REPUBLIKA.CO.ID, BRUSSELS -- Presiden Prancis Emmanuel Macron mengatakan dia telah menerima jaminan dari Presiden Turki Recep Tayyip Erdogan tentang penarikan tentara bayaran asing dari Libya. Hal itu akan dilakukan sesegera mungkin.
"Kami setuju untuk bekerja pada penarikan ini (tentara bayaran asing). Itu tidak hanya bergantung pada kami berdua, tapi saya dapat memberitahu Anda, Presiden Erdogan menegaskan selama pertemuan kami keinginannya bahwa tentara bayaran asing, milisi asing, beroperasi di tanah Libya pergi sesegera mungkin," kata Macron seusai menghadiri pertemuan puncak NATO di Brussels, Belgia, Senin (14/6).
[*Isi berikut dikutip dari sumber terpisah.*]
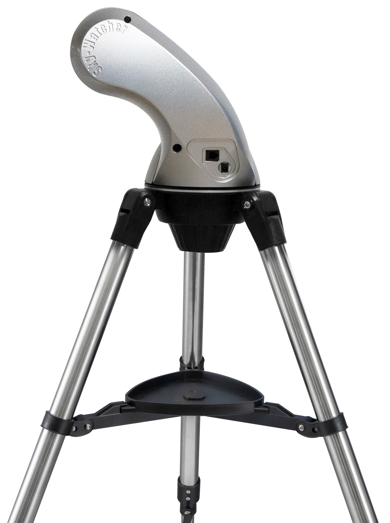 Азимутальная монтировка Sky-Watcher AZGT на треноге SLT – незаменимый инструмент, который пригодится астрономам любого пользовательского уровня и поможет быстро и эффективно изучать просторы Вселенной. Основная особенность монтировки – встроенная система автоматического наведения SynScan GOTO, имеющая в своей базе данных 42900+ координат небесных тел (список составлен на основе 9 астрономических каталогов: Мессье, NGC, IC, SAO, Колдуэлл, Двойные звезды, Переменные звезды, Именные звезды, Планеты). Пользоваться возможностями системы просто: необходимо выбрать нужное наименование из списка при помощи ручного контроллера SynScan, а затем дождаться, пока система завершит процесс наведения на объект.
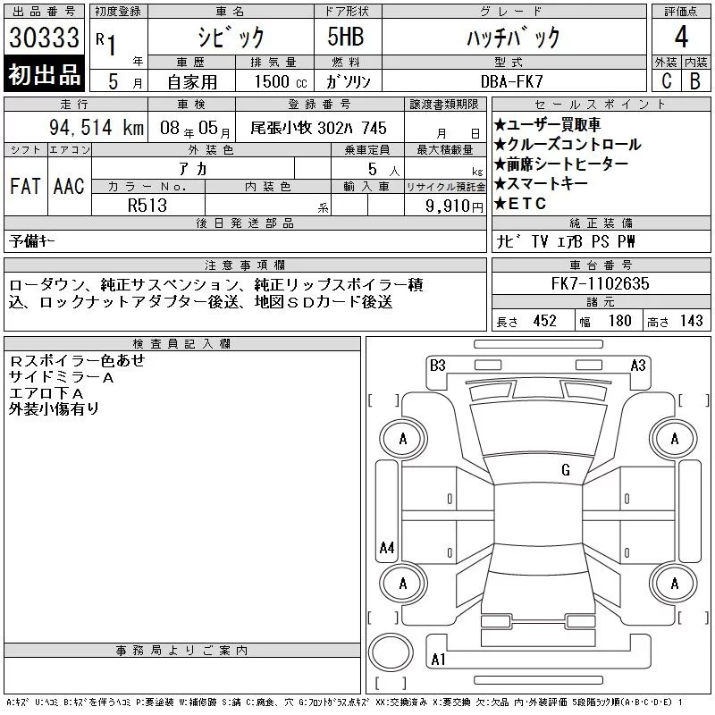 Honda CIVIC с аукциона Японии CAA Chubu лот № 30333
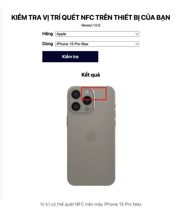 Nhấn Kiểm tra. Hệ thống sẽ mất khoảng 1 – 2 giây để tìm kiếm dữ liệu và hiển thị hình ảnh mặt lưng của sản phẩm. Trên hình sẽ có một khu vực hình chữ nhật viền đỏ khoanh vùng trên điện thoại. Đây là khu vực đặt đầu đọc NFC và người dùng có thể đưa phần có chip trên thẻ CCCD vào khu vực này để bắt đầu quá trình đọc.
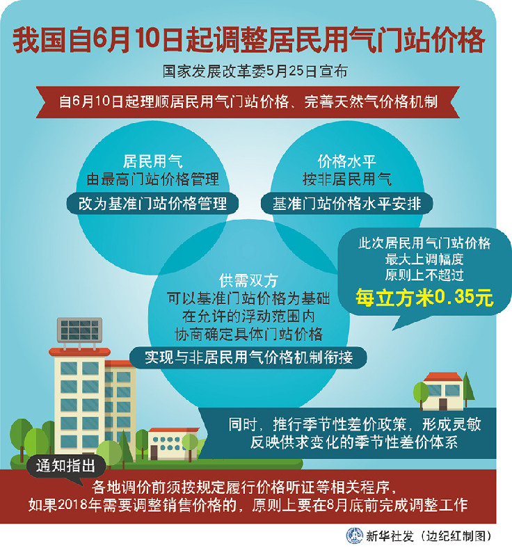 國家發(fā)展改革委5月25日宣布,自6月10日起理順居民用氣門站價(jià)格、完善價(jià)格機(jī)制。這是我國自2010年以來首次調(diào)整居民用氣門站價(jià)格,最大上調(diào)幅度原則上不超過每立方米0.35元。

Macron melakukan pertemuan tatap muka pertamanya dengan Erdogan dalam lebih dari setahun. Hubungan kedua negara sempat dibekap ketegangan, terutama karena konflik di Libya.
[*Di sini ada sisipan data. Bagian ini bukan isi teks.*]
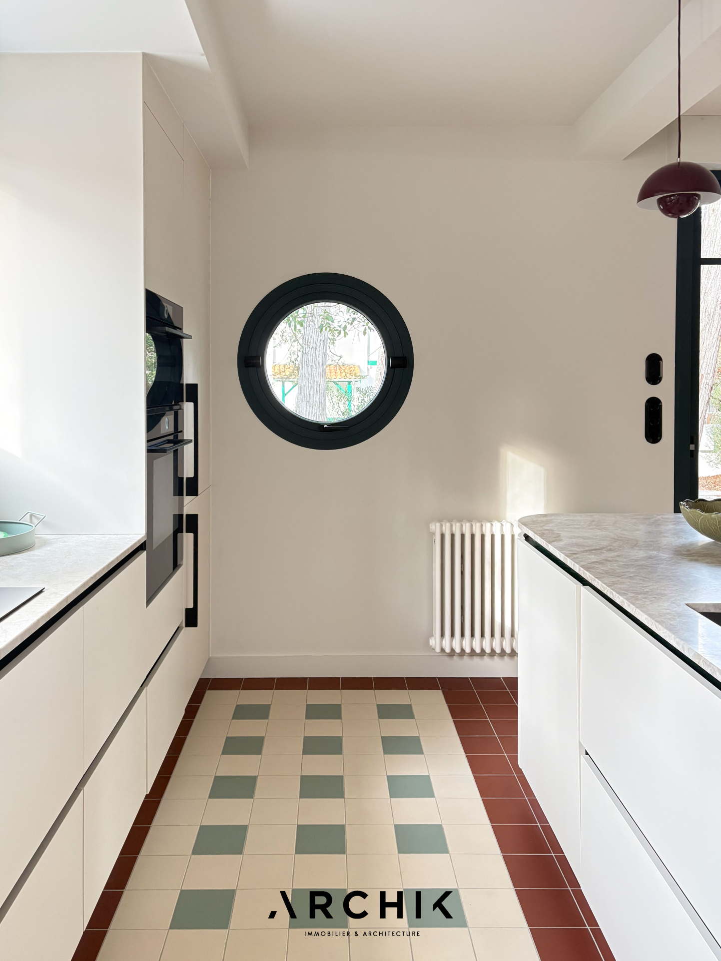 Récemment réhabilitée par l'architecte Alexandre Rougier avec les courbes et les ouvertures rondes typiques des années 30, la maison a été repensée pour qu'à l'intérieur, chaque espace laisse circuler la lumière, créant une atmosphère chaleureuse et balnéaire.
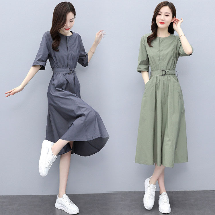 ワンピース 五分袖 ラウンドネック レディース 無地 Aライン 大きいサイズ 普段着 きれいめ お出かけ ミモレ丈 ロングワンピ 上品 体型カバー 大人 おしゃれ ファッション L-807
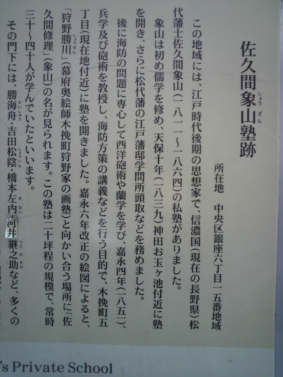 佐久間象山は、海防の方策に専心し、兵学及び砲術を教授し、海防方策の講義などを行うため、木挽町に塾を開きました。
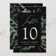Elegant, botanical wedding table cards featuring the table number, your names, and wedding date nestled in a rectangular frame surrounded by eucalyptus, ferns, and other rich greenery with a black background. Personalise the number for each table card and add it to your cart. The 5x7 table cards were designed to coordinate with our Abundant Greenery wedding collection.

Turki mengerahkan pasukan ke Libya di bawah kesepakatan kerja sama militer yang ditandatangani dengan Government of National Accord (GNA), yakni pemerintahan Libya yang diakui PBB. Ankara pun mengirim ribuan pejuang Suriah ke negara tersebut.
Sejak Muammar Qadafi digulingkan pada 2011, Libya terbelit krisis politik. Pemerintahan di negara itu terpecah dua. Pertama adalah GNA yang berbasis di Tripoli. Kedua yakni Libyan National Army (LNA) yang dipimpin Jenderal Khalifa Haftar.
LNA telah melancarkan serangan ke basis GNA di Tripoli dan merebut beberapa daerah. Namun GNA, berkat bantuan Turki, berhasil memukul mundur pasukan LNA dan merebut kembali wilayah-wilayah yang sebelumnya dikuasai. Mereka bahkan berhasil menguasai Tarhuna, benteng terakhir LNA di Libya barat.
Mesir selaku pendukung LNA sempat menyerukan gencatan senjata. Khalifa Haftar yang posisinya tengah terdesak segera menyetujuinya. Namun Turki dan GNA menolak seruan tersebut. Mereka menilai seruan itu hanya taktik setelah LNA mengalami kekalahan telak dalam pertempuran.